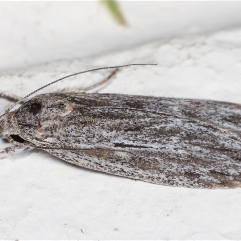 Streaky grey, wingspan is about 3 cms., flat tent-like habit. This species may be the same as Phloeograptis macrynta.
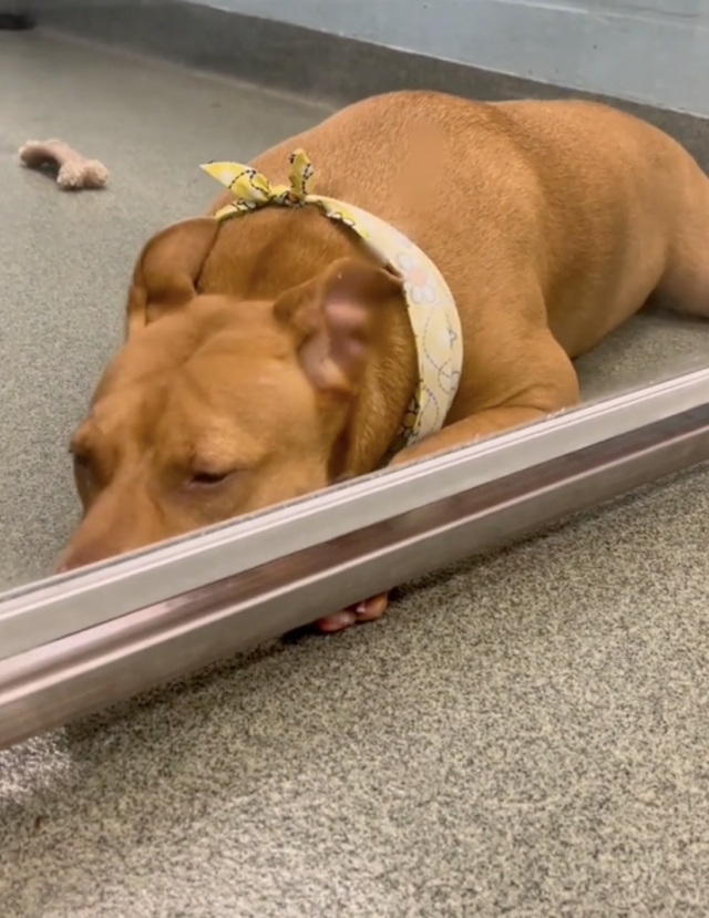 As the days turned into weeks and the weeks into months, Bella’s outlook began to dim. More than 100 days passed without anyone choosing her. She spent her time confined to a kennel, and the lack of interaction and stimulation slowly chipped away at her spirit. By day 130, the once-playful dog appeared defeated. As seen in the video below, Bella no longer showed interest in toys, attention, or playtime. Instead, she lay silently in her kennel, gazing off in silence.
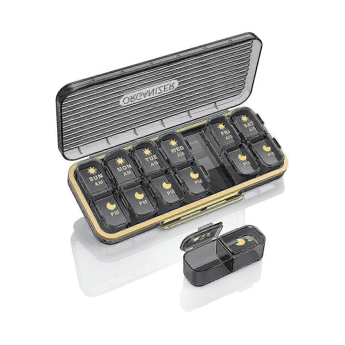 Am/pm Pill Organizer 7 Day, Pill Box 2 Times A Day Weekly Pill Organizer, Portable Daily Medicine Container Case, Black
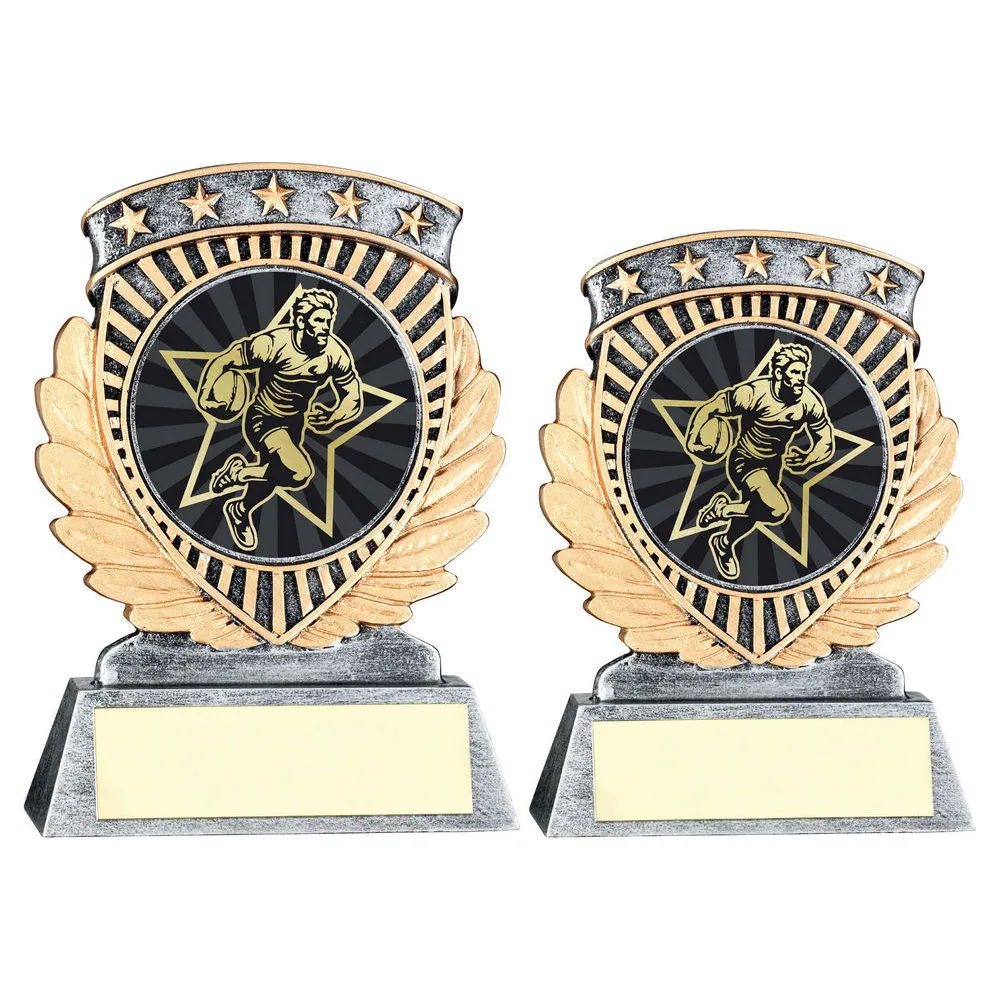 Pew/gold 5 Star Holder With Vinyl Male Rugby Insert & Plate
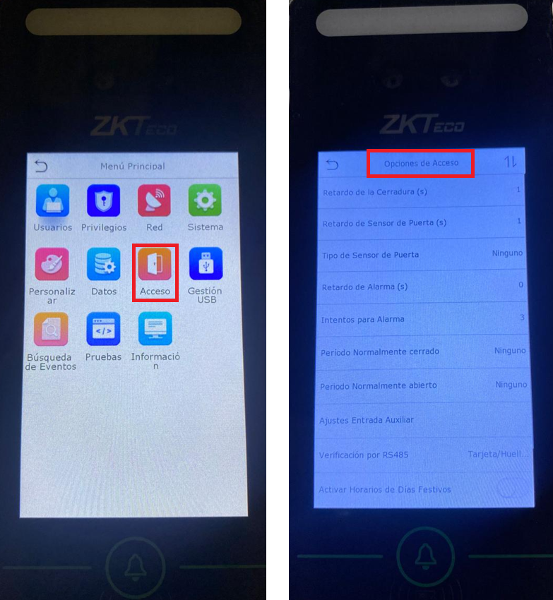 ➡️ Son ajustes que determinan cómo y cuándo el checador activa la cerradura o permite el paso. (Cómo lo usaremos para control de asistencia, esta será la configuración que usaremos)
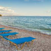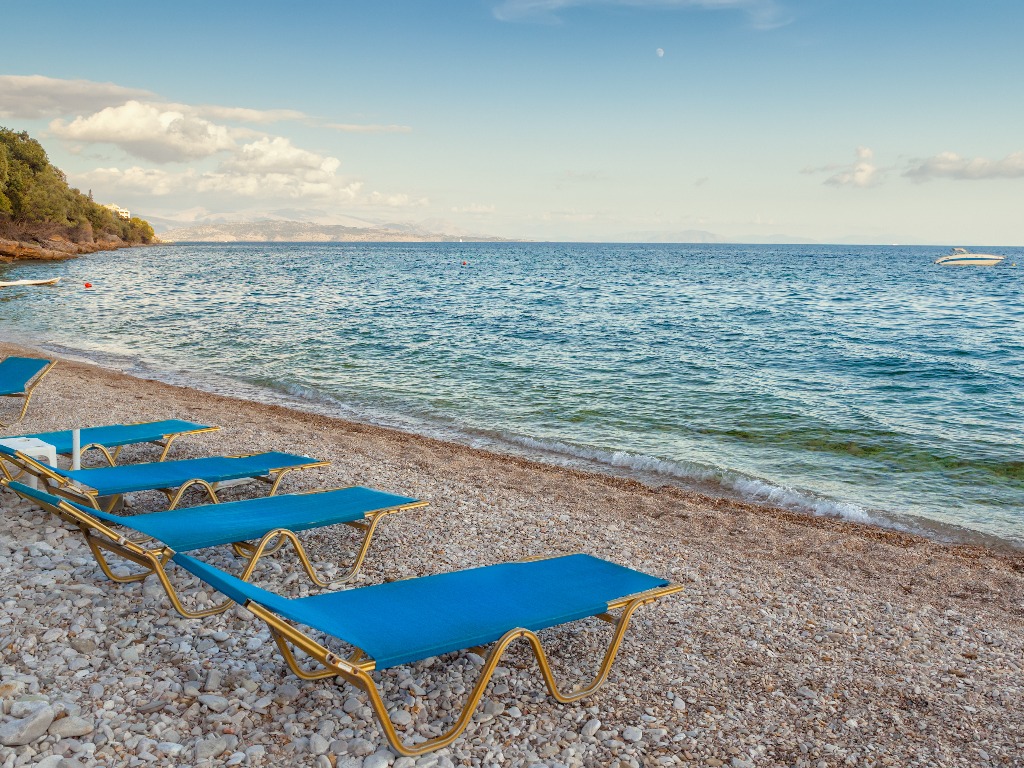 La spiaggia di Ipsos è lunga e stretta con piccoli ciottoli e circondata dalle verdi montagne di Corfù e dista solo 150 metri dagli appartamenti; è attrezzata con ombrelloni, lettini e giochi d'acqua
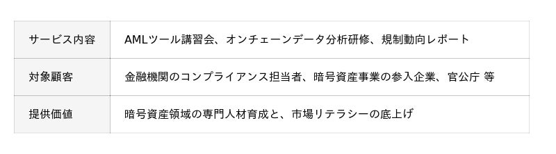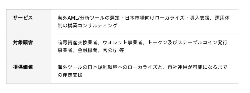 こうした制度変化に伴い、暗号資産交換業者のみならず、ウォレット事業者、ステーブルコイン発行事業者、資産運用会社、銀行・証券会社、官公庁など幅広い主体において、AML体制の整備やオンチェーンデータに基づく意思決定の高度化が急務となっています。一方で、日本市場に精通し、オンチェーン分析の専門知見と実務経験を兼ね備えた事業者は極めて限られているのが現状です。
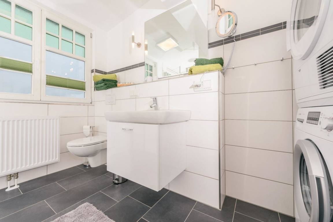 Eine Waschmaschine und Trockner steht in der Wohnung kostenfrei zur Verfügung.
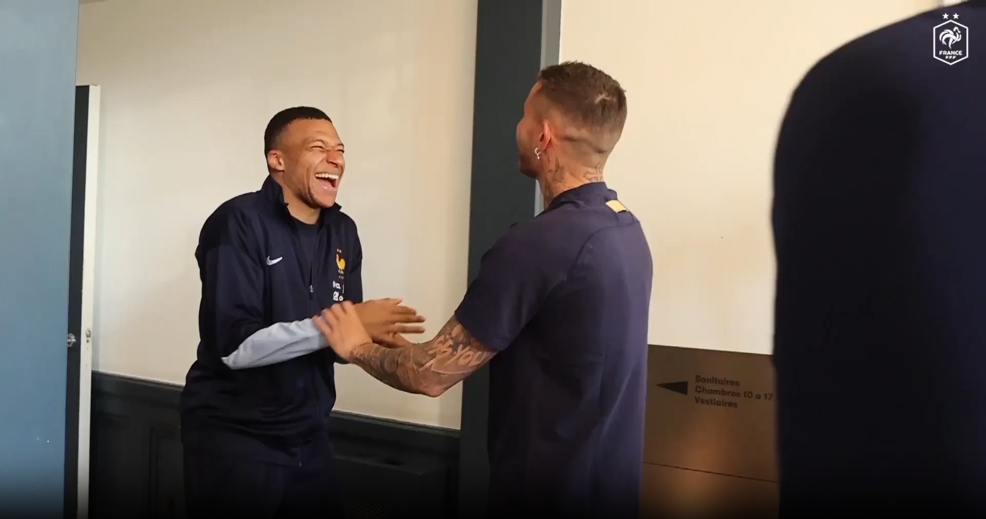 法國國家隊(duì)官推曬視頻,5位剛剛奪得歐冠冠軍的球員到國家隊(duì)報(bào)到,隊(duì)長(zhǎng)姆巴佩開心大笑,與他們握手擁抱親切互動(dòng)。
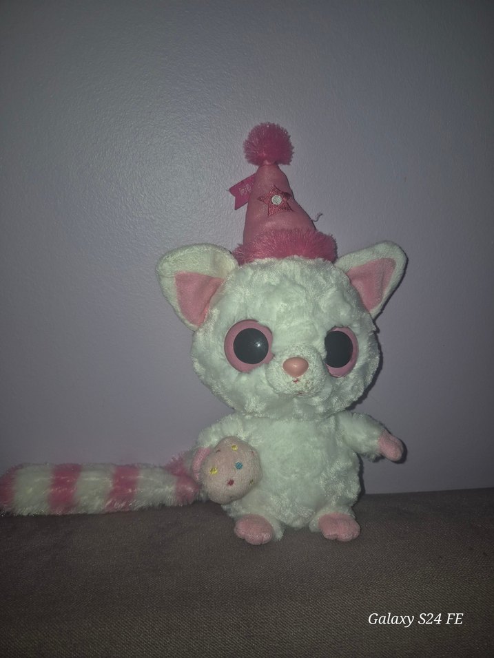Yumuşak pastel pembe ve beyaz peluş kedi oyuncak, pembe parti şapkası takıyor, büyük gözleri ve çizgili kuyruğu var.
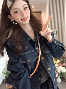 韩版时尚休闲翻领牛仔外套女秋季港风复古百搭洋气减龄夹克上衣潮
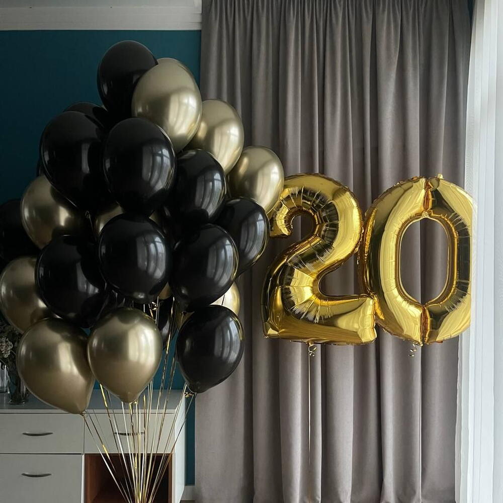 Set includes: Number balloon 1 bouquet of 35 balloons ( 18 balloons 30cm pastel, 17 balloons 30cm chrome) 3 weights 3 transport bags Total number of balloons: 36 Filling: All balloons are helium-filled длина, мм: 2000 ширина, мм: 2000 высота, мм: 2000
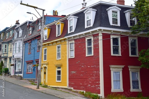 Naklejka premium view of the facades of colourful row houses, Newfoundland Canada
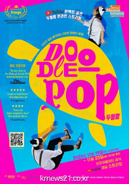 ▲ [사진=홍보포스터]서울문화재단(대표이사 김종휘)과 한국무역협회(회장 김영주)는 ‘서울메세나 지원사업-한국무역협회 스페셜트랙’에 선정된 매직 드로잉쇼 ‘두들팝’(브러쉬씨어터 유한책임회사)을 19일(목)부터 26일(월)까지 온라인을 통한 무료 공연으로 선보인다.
☆ ☆ ☆ ☆ ☆
### WORK REQUIRED
Out of the records above, set down only the lines from the one that contains "Yumuşak pastel pembe" through the one that contains "韩版时尚休闲翻领牛仔外套女秋季港风复古百搭洋气减龄夹克上衣潮", unchanged and without the pictures.

### SOLVED PROBLEM
Yumuşak pastel pembe ve beyaz peluş kedi oyuncak, pembe parti şapkası takıyor, büyük gözleri ve çizgili kuyruğu var.
 韩版时尚休闲翻领牛仔外套女秋季港风复古百搭洋气减龄夹克上衣潮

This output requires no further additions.